Supplied material ::
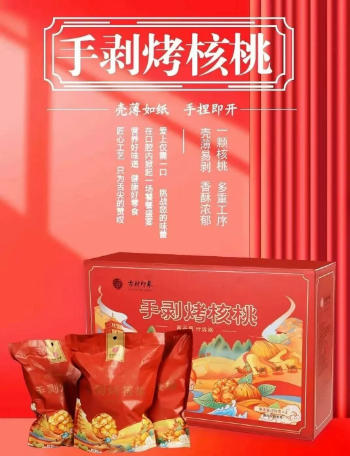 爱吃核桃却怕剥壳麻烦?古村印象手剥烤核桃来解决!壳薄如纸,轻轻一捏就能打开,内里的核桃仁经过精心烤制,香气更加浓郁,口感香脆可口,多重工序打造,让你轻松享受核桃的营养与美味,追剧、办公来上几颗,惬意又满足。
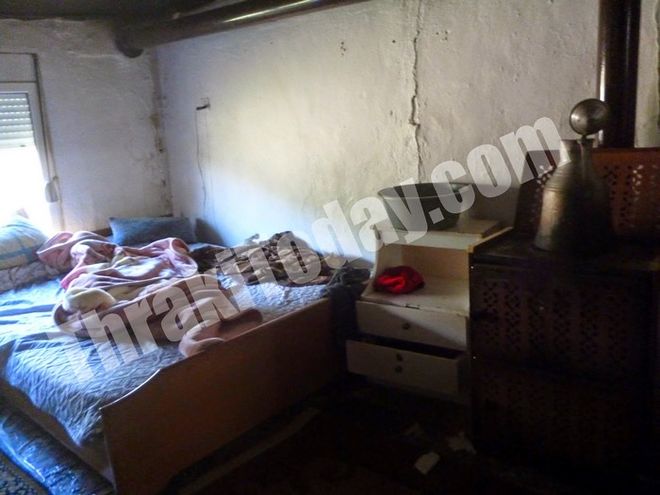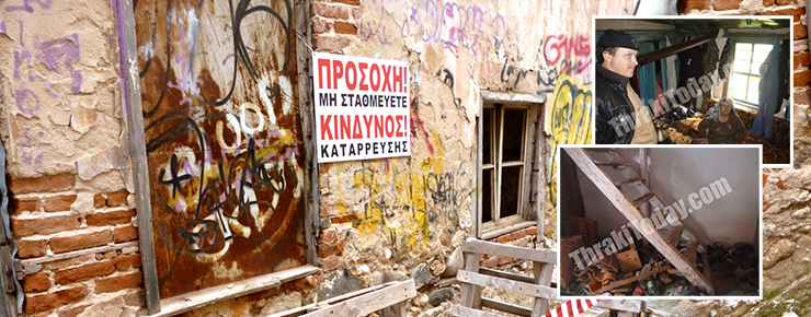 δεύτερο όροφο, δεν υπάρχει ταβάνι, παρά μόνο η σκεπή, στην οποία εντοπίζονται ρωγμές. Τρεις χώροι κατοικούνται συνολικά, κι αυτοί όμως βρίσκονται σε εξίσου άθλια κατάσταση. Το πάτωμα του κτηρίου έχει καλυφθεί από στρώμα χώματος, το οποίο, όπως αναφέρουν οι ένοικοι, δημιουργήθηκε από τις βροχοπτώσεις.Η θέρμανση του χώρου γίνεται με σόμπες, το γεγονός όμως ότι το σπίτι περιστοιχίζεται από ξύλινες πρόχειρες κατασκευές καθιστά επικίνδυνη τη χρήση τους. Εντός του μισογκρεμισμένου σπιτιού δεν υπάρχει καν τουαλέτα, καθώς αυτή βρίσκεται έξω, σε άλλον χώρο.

--

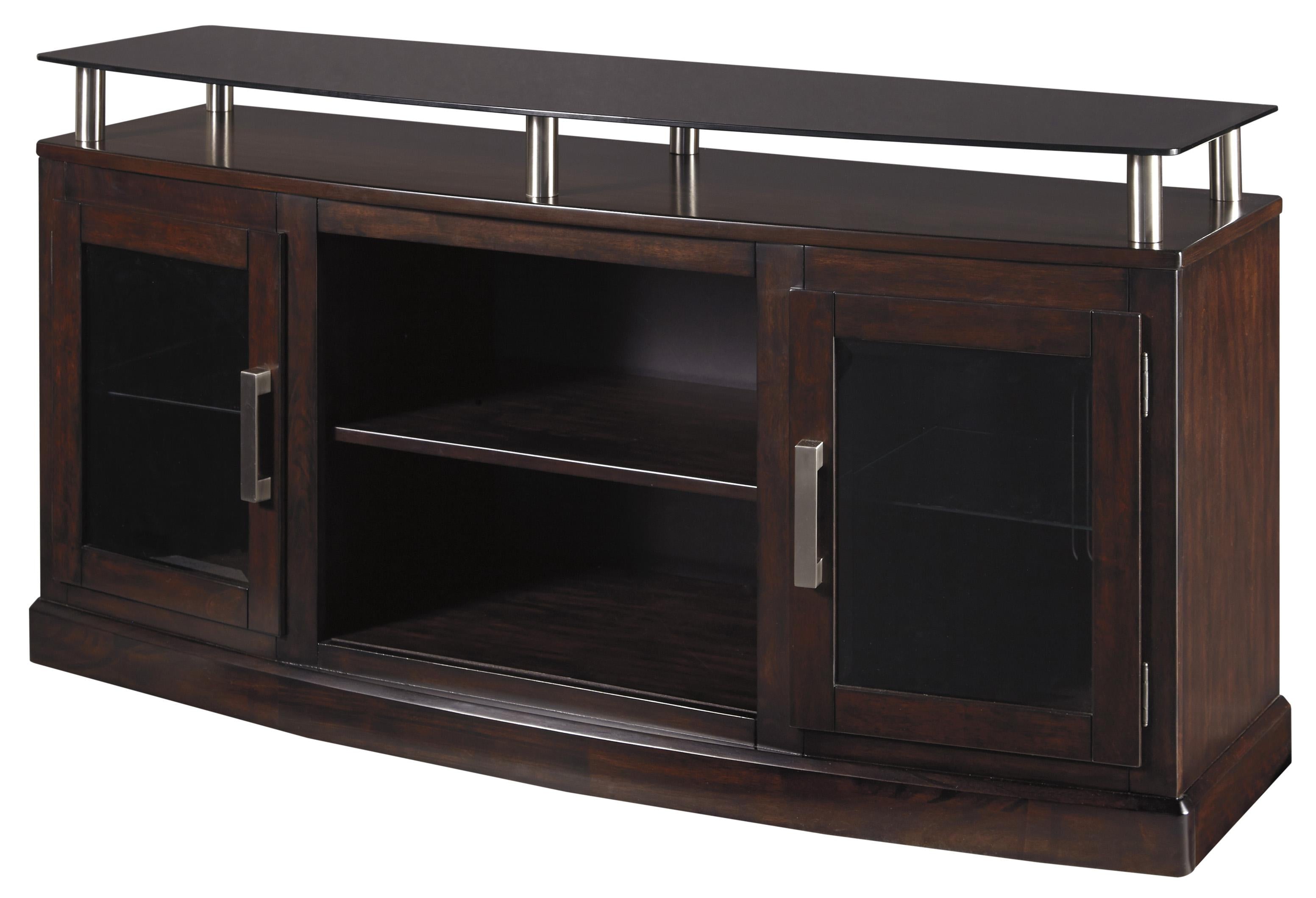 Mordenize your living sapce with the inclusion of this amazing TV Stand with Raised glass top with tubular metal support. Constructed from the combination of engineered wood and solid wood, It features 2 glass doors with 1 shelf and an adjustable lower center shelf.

Try it :: From the records above, copy only the lines running from the line containing "爱吃核桃却怕剥壳麻烦?古村印" to the line containing "δεύτερο όροφο, δεν", both ends included. Leave the pictures out.

Response below ::
 爱吃核桃却怕剥壳麻烦?古村印象手剥烤核桃来解决!壳薄如纸,轻轻一捏就能打开,内里的核桃仁经过精心烤制,香气更加浓郁,口感香脆可口,多重工序打造,让你轻松享受核桃的营养与美味,追剧、办公来上几颗,惬意又满足。
 δεύτερο όροφο, δεν υπάρχει ταβάνι, παρά μόνο η σκεπή, στην οποία εντοπίζονται ρωγμές. Τρεις χώροι κατοικούνται συνολικά, κι αυτοί όμως βρίσκονται σε εξίσου άθλια κατάσταση. Το πάτωμα του κτηρίου έχει καλυφθεί από στρώμα χώματος, το οποίο, όπως αναφέρουν οι ένοικοι, δημιουργήθηκε από τις βροχοπτώσεις.Η θέρμανση του χώρου γίνεται με σόμπες, το γεγονός όμως ότι το σπίτι περιστοιχίζεται από ξύλινες πρόχειρες κατασκευές καθιστά επικίνδυνη τη χρήση τους. Εντός του μισογκρεμισμένου σπιτιού δεν υπάρχει καν τουαλέτα, καθώς αυτή βρίσκεται έξω, σε άλλον χώρο.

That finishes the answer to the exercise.